Cevap: Deyriyye; âlemin sonsuz olduğunu ve bir yaratıcısının bulunmadığını savunan materyalist bir akımdır. İslam dünyasında genel olarak ateist ve materyalist düşünce akımlarını temsil ederler. Seyyid Şerîf-i Cürcânî hazretleri, Şerh-i mevâkıf kitabında;
“Dehriyye fırkası, Allahü teâlâya da inanmıyor. Her şey tabiat kanunları ile var oluyor. Bir yaratıcı yoktur. Dehr, yani zaman ilerledikçe, her şey değişmektedir diyorlar” demektedir.
Deizm Latincede "tanrı" anlamına gelen "deus" kelimesinden türetilmiş olup Grekçede yine tanrı anlamındaki theostan gelen teizm terimiyle aynı sözlük anlamına sahiptir. Ancak XVI. yüzyıldan itibaren Hıristiyan dünyasında başlayan felsefî ve teolojik tartışmalarla birlikte teizm terimi Ortodoks inançları savunan kesim için, deizm ise geleneksel inançlardan sapan düşünürler için kullanılmaya başlanmıştır.

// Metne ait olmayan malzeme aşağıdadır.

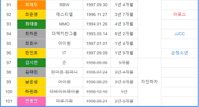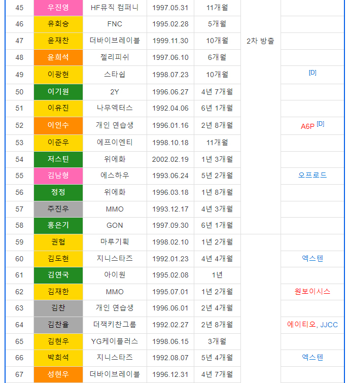 아래는 프로듀스101 시즌2에 출연했던 출연자 참가자 명단입니다.
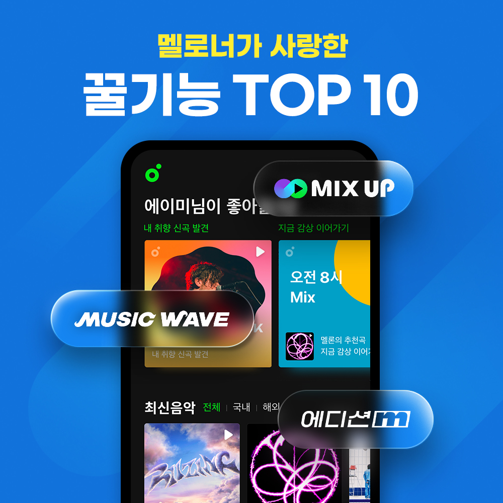 ‘멜로너가 사랑한 꿀기능 TOP10’에서 1위는 작년 9월 출시된 음악 자동추천 서비스 ▲‘믹스업(MIX UP)’이 차지했다. 전체 댓글 중 21%가 지목한 믹스업은 버튼 클릭 한 번 만으로 현재 듣고 있는 노래와 유사한 곡을 끊임없이 추천한다. 특히 기존 나의 재생목록과 별도로 플레이 되기 때문에 번거롭지 않고 간편하게 음악을 감상할 수 있다. 이용자들은 ‘취향에 맞는 노래를 쉽게 이어서 들을 수 있어 편리하다’, ‘내가 원하는 스타일의 곡만 쏙 넣어준다’, ‘띵곡 디깅에 도움된다’ 등의 호평을 남겼다.
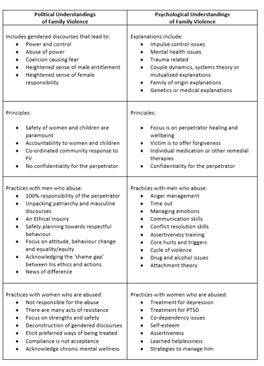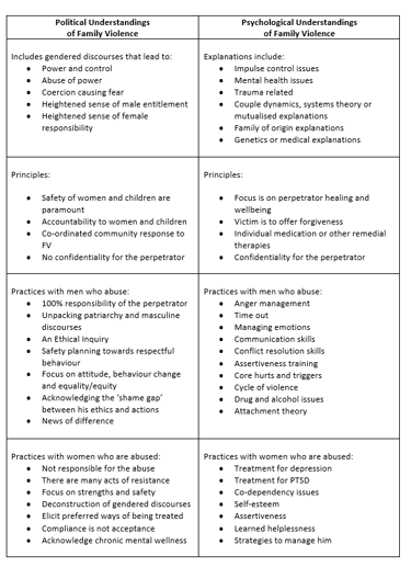In contrast, a political understanding of family violence scrutinizes the societal norms that perpetuate the roles of power and control within relationships. This perspective highlights how societal structures and cultural norms create a breeding ground for violence through constructs such as male entitlement and female responsibility. Such a framework views family violence not just as a personal issue but as a complex interplay of societal expectations and individual actions. See the table below that summarizes these understandings.
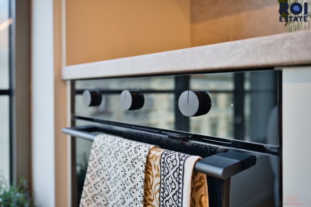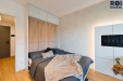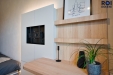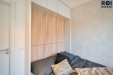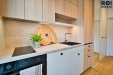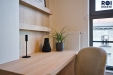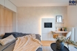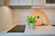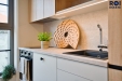 Interiér působí lehce, harmonicky a příjemně teple díky kombinaci přírodního dřeva, světle šedých tónů a jemného ambientního osvětlení. Kuchyňská linka je plně vybavená vestavnými spotřebiči, nechybí indukční varná deska, trouba, digestoř ani chladnička. Promyšlené úložné prostory přirozeně navazují na obytnou zónu s pracovním koutem, který působí elegantně i prakticky zároveň.
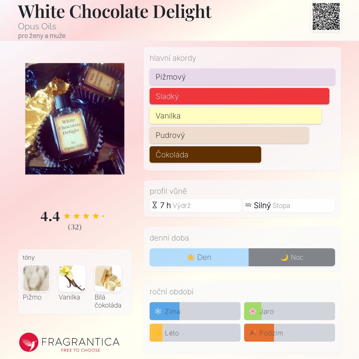 White Chocolate Delight podle Opus Oils je Orientální Vanilla vůně pro ženy a muže. White Chocolate Delight byl/a uveden/a v roce 2014. "Nosem" za touto vůní je Kedra Hart.
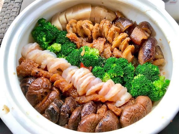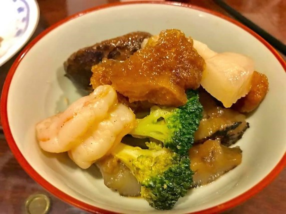 2 įč-prawns, broccoli, fish maw, sea cucumber, mushrooms, belly pork, abalones
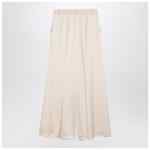 Ivory trouser skirt by The Andamane, featuring waistband loops, two side welt pockets, front pleats and front zip and hook fastening.
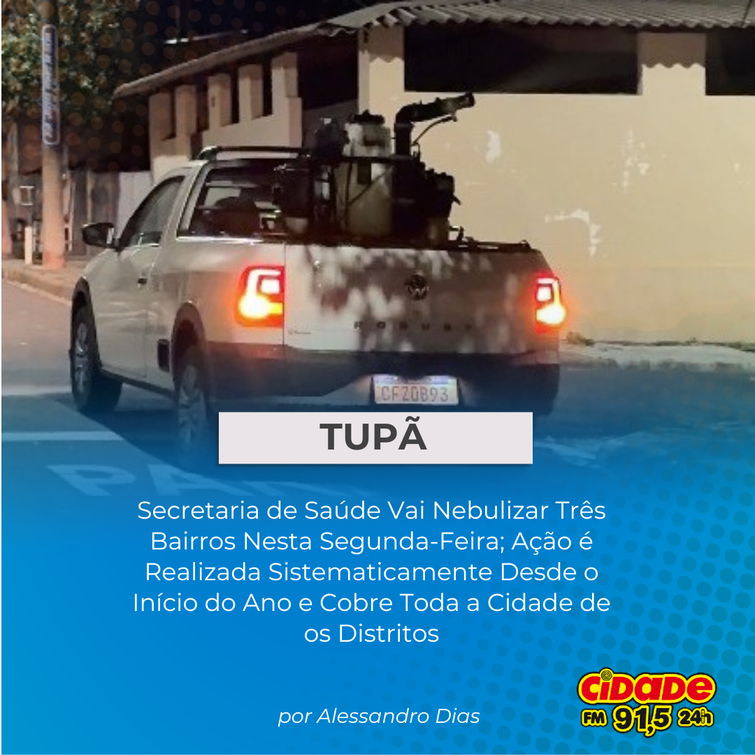Geral TUPÃ: Secretaria de Saúde Vai Nebulizar Três Bairros Nesta Segunda-Feira; Ação é Realizada Sistematicamente Desde o Início do Ano e Cobre Toda a Cidade de os Distritos 7 de outubro de 2025 Nenhum comentário

Deizm, dinlerin doğru olmadığını, insan ürünü olduğunu savunur. Deizme göre yaratıcı, kâinatı yaratmakla sorumludur, dünyada olup bitene karışmaz. Ayrıca Deizm inancı tanrının kusursuz olduğunu ve yaratılan bütün her şey onun kusursuzluğundan geldiğine inanır. Mucizeler, vahiyler ve peygamberlik kavramı Deizm inancına göre yanlıştır!
Deizm, bütün dinleri ve din adamlarını reddetmektedir. Deizm, Darwin'in evrim teorisine karşı değildir. Bazı deistler ölümden sonraki hayata veya reenkarnasyon inancına inanabilirler. Reenkarnasyon, tenasüh yani ruhun başka bir bedende tekrar dirilmesi bazı deistlerin benimsediği bir inançtır.

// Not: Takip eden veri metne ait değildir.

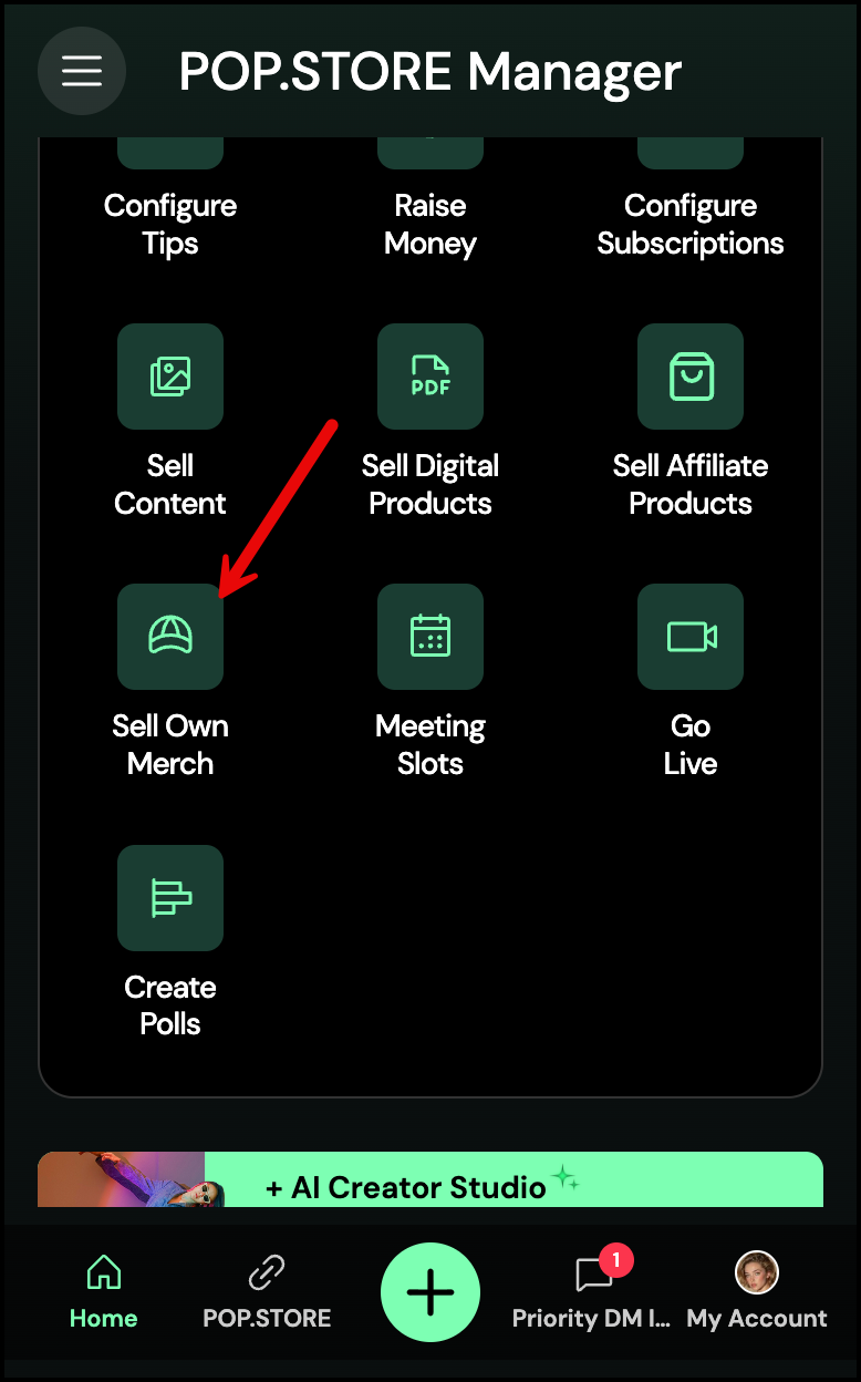 Want to sell your own merch? You can add your merchandise to your Pop.Store, create a full PDP, and sell it directly from your link-in-bio store.

Mecusiler, Senevidir. Allahü teâlânın iki olduğuna, putperestler ise, çok olduğuna inanıyor. Deistler bir yaratıcıyı kabul ediyorlar ise de bunların hepsi, müşrik, yani kitapsız kâfirdirler. Çünkü, bir Peygambere inanmıyor. Bir semavi kitap okumuyorlar. Komünistler, masonlar, tanrısız kâfir olup, Dehriyye kısmındandır. Berehmen, Budist, Yahudi ve Hristiyanlar, Ehl-i kitap iken, zamanla, müşrik oluyorlar. Şimdi, yeryüzünde, değiştirilmemiş bulunan hak din, yalnız Muhammed aleyhisselâmın getirdiği İslam dinidir. Bu dinin, kıyamete kadar bozulmayacağını, doğru olarak kalacağını Allahü teâlâ söz vermiştir.
***
Sual: Namaz kılması tahrimen mekruh olan vakitlerde, kılınan namazın sevabı olmaz mı?
Cevap: Üç haram saatte namaz kılmak yasak edilmiştir. Yasak olan bu zamanlarda ve yerde kılınan namazın sevabı olmadığı gibi günah da olur. Çünkü, yasak edildiği hâlde yapılmaktadır.
***
Sual: Cenazeyi defnettikten sonra, kabir başında dua edilir mi?
Cevap: Cenazeyi defnettikten sonra dua edilir. Sessiz olarak Kur’ân-ı kerim okunur. Yüksek sesle okumak mekruhtur. Şir'at-ül-islâm kitabında deniyor ki:
“Cenazeyi kabir başına koyunca, iş yapmayanlar oturmalı veya çömelmelidir. Yahudiler ve Hıristiyanlar gibi ayakta durmamalıdır. Meyit defnedilirken, yedi sureyi okumak müstehabdır. Bu yedi sure; înnâ enzelnâ ve Kâfirûn, îzâ câe, îhlâs, iki Kul e'ûzü ve Fâtiha sûreleridir. Definden sonra bir hafta her gün sadaka verip, sevabını meyitin ruhuna hediye etmek de müstehabdır.”